══ Materials provided ══

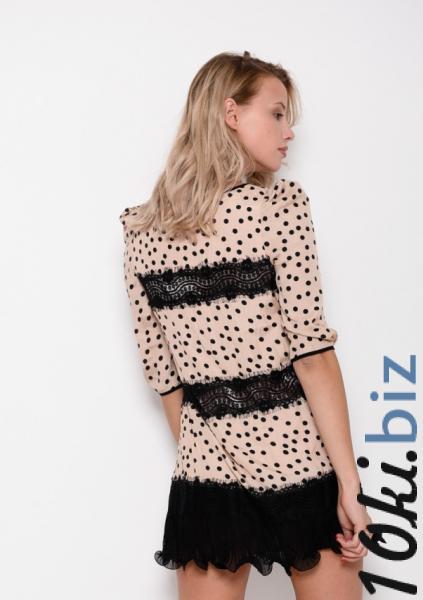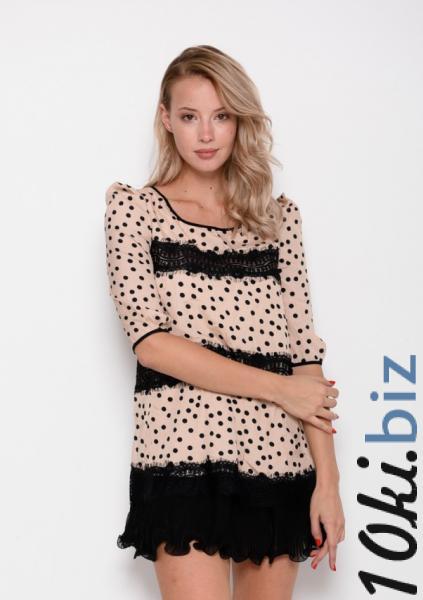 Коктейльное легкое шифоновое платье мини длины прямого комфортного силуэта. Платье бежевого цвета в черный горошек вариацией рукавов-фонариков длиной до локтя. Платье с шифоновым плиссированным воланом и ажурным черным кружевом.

═══
══ Materials provided ══

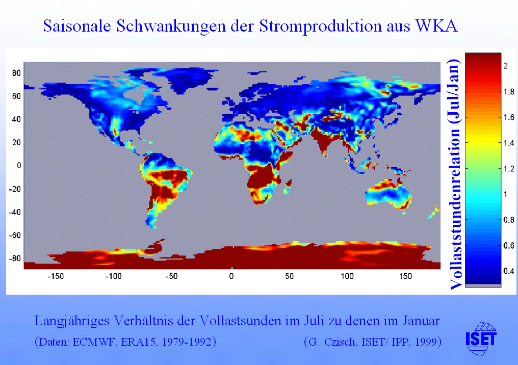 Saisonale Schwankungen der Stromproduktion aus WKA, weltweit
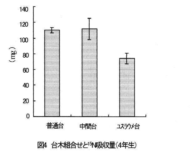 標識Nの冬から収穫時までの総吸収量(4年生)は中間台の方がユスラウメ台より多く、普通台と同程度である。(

═══

Work instruction -
Print, exactly and with no pictures, the lines of the listing above starting at the one that has "Saisonale Schwankungen der" and ending at the one that has "標識Nの冬から収穫時までの総", both included.

Problem solution -
 Saisonale Schwankungen der Stromproduktion aus WKA, weltweit
 標識Nの冬から収穫時までの総吸収量(4年生)は中間台の方がユスラウメ台より多く、普通台と同程度である。(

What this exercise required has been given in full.